• Dataset extract:
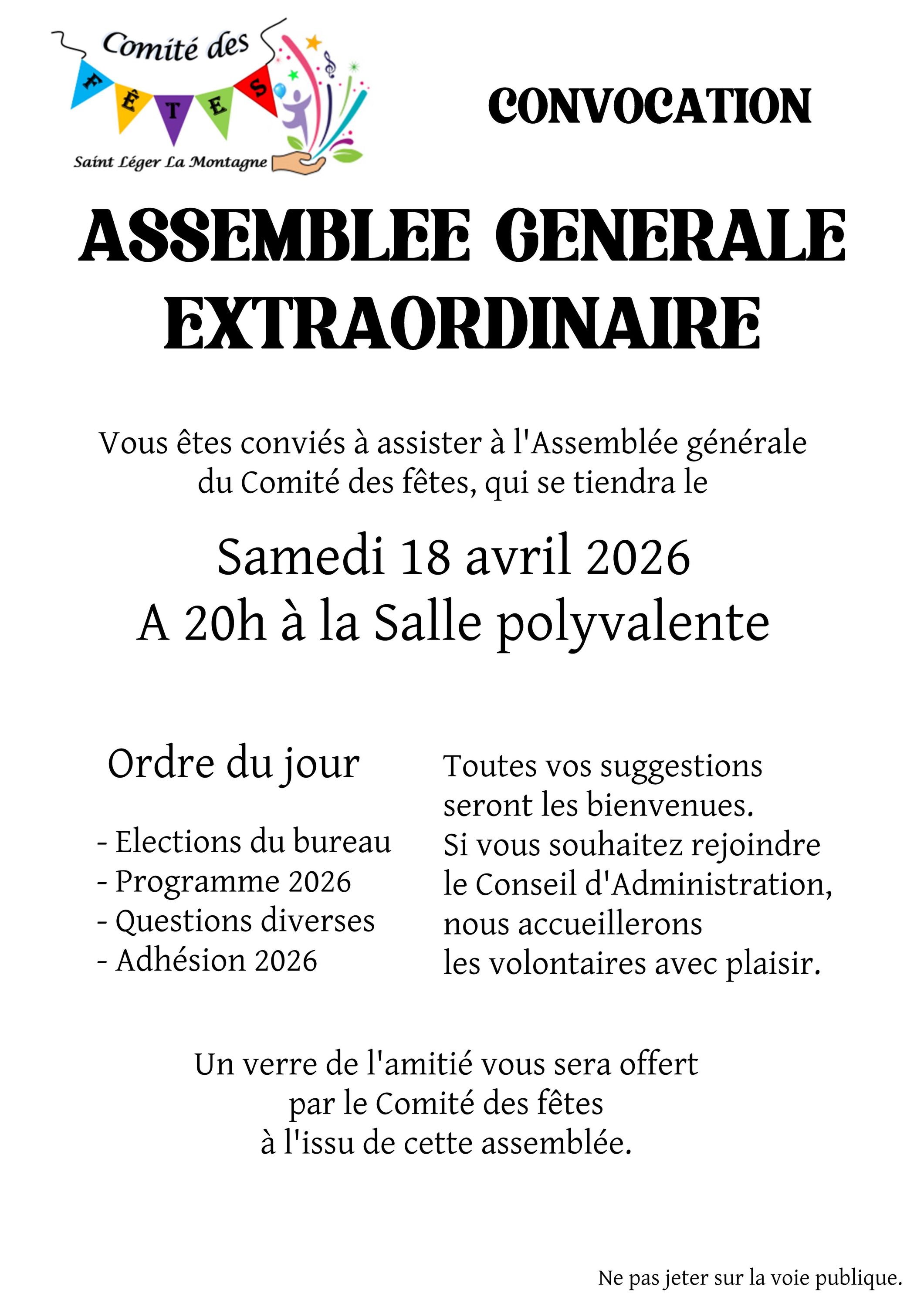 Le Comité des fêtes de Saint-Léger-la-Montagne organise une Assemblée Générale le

--

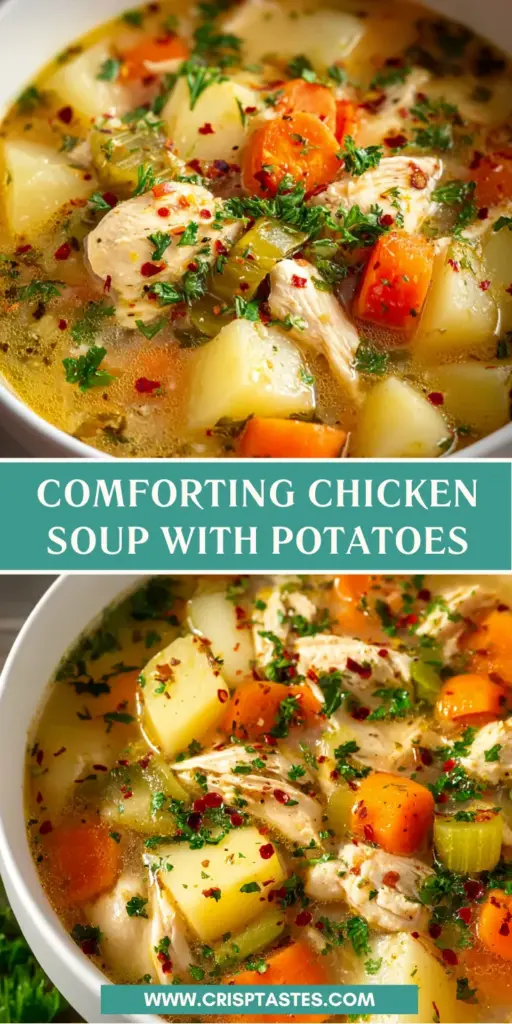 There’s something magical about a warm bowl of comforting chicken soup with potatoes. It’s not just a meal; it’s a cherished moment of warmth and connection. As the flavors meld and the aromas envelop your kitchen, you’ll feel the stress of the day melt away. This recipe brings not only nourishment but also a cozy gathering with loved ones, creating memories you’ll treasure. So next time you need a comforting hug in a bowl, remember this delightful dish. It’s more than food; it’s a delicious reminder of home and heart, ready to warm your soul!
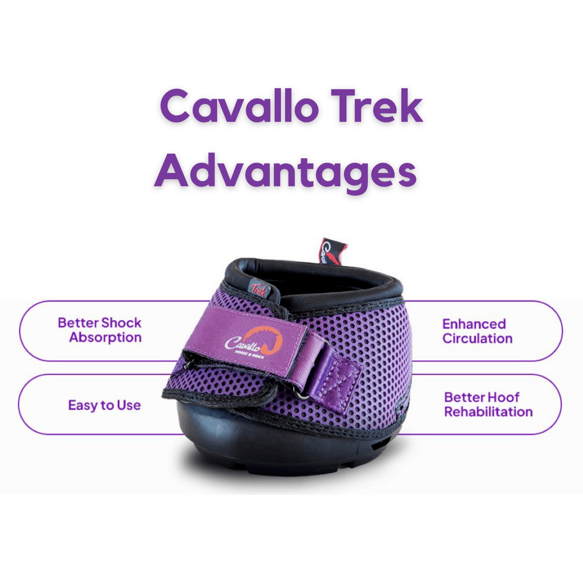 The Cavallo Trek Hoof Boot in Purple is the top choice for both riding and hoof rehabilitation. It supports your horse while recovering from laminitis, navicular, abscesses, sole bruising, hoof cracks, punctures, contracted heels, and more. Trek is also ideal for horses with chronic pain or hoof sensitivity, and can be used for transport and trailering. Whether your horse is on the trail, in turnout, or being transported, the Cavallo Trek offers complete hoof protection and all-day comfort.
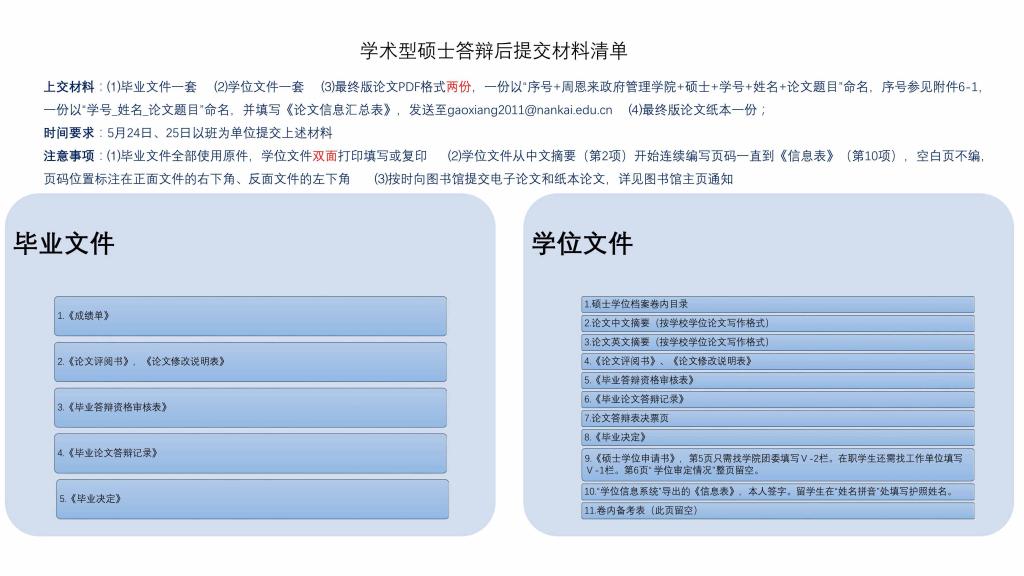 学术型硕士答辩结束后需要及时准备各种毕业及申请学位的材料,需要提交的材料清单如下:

• Exercise prompt:
Return word for word the lines of the listing above, starting at the line with "The Cavallo Trek Hoof" and ending at the line with "学术型硕士答辩结束后需要及时", both included. Pictures do not belong in the copy.

• Answer to the problem:
 The Cavallo Trek Hoof Boot in Purple is the top choice for both riding and hoof rehabilitation. It supports your horse while recovering from laminitis, navicular, abscesses, sole bruising, hoof cracks, punctures, contracted heels, and more. Trek is also ideal for horses with chronic pain or hoof sensitivity, and can be used for transport and trailering. Whether your horse is on the trail, in turnout, or being transported, the Cavallo Trek offers complete hoof protection and all-day comfort.
 学术型硕士答辩结束后需要及时准备各种毕业及申请学位的材料,需要提交的材料清单如下:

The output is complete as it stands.